[PROBLEM DESCRIPTION] Look through the listing below for the line with "中国南方电网有限责任公司、中" and the line with "- This Gold". Copy both, along with every line between them, exactly and with no pictures.

[LISTED ENTRIES]
--- START ---
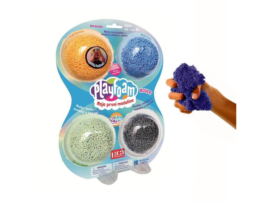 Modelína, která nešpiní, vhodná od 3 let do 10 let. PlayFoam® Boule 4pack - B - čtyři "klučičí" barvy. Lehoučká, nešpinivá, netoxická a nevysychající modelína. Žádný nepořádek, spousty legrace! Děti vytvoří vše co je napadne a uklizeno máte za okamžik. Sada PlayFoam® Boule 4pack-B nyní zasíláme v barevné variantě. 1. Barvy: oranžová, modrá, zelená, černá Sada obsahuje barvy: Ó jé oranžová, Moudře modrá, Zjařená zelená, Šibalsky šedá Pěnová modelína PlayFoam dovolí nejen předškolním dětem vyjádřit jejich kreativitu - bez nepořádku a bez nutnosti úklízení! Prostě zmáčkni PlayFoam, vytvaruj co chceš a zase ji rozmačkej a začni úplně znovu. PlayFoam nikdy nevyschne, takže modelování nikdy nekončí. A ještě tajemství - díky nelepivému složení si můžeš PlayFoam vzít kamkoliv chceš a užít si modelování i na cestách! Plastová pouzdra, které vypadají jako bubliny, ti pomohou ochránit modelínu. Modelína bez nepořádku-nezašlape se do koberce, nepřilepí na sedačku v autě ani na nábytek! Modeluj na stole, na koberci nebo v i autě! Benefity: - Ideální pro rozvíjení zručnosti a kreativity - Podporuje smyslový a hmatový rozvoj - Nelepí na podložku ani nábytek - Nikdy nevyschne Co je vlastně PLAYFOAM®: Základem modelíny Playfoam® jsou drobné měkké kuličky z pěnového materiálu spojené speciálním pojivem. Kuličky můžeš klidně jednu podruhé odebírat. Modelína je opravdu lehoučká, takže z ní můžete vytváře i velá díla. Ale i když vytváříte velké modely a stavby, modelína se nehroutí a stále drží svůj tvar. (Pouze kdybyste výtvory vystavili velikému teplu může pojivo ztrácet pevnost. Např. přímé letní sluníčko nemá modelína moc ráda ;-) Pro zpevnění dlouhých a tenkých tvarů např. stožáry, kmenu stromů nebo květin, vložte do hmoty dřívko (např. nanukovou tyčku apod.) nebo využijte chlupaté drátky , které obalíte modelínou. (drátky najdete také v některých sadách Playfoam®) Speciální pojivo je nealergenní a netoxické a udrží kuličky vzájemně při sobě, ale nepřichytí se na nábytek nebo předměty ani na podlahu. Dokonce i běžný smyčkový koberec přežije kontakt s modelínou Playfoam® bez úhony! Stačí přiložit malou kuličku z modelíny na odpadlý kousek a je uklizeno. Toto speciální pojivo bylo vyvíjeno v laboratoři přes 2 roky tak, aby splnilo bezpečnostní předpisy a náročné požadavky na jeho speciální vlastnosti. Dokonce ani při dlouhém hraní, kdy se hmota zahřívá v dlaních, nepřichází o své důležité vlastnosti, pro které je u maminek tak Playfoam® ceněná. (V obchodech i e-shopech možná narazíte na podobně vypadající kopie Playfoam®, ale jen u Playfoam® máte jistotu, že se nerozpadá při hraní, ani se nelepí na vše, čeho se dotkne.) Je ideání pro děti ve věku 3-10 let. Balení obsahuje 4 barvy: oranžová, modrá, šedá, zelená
--- END ---
--- START ---
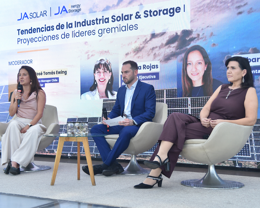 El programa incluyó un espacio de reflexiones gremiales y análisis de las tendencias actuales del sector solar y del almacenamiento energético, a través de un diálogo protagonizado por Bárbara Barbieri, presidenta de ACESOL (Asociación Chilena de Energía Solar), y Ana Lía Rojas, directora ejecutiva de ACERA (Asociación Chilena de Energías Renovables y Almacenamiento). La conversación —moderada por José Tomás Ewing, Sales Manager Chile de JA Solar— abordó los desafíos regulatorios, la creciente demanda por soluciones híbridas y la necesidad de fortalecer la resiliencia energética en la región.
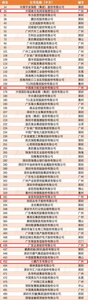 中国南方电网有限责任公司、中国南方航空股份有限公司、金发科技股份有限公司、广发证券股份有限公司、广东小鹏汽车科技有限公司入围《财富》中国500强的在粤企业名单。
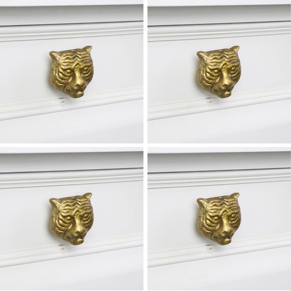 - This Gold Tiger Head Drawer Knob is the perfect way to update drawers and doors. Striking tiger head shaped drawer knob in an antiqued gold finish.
--- END ---
[EXERCISE OUTPUT]
 中国南方电网有限责任公司、中国南方航空股份有限公司、金发科技股份有限公司、广发证券股份有限公司、广东小鹏汽车科技有限公司入围《财富》中国500强的在粤企业名单。
 - This Gold Tiger Head Drawer Knob is the perfect way to update drawers and doors. Striking tiger head shaped drawer knob in an antiqued gold finish.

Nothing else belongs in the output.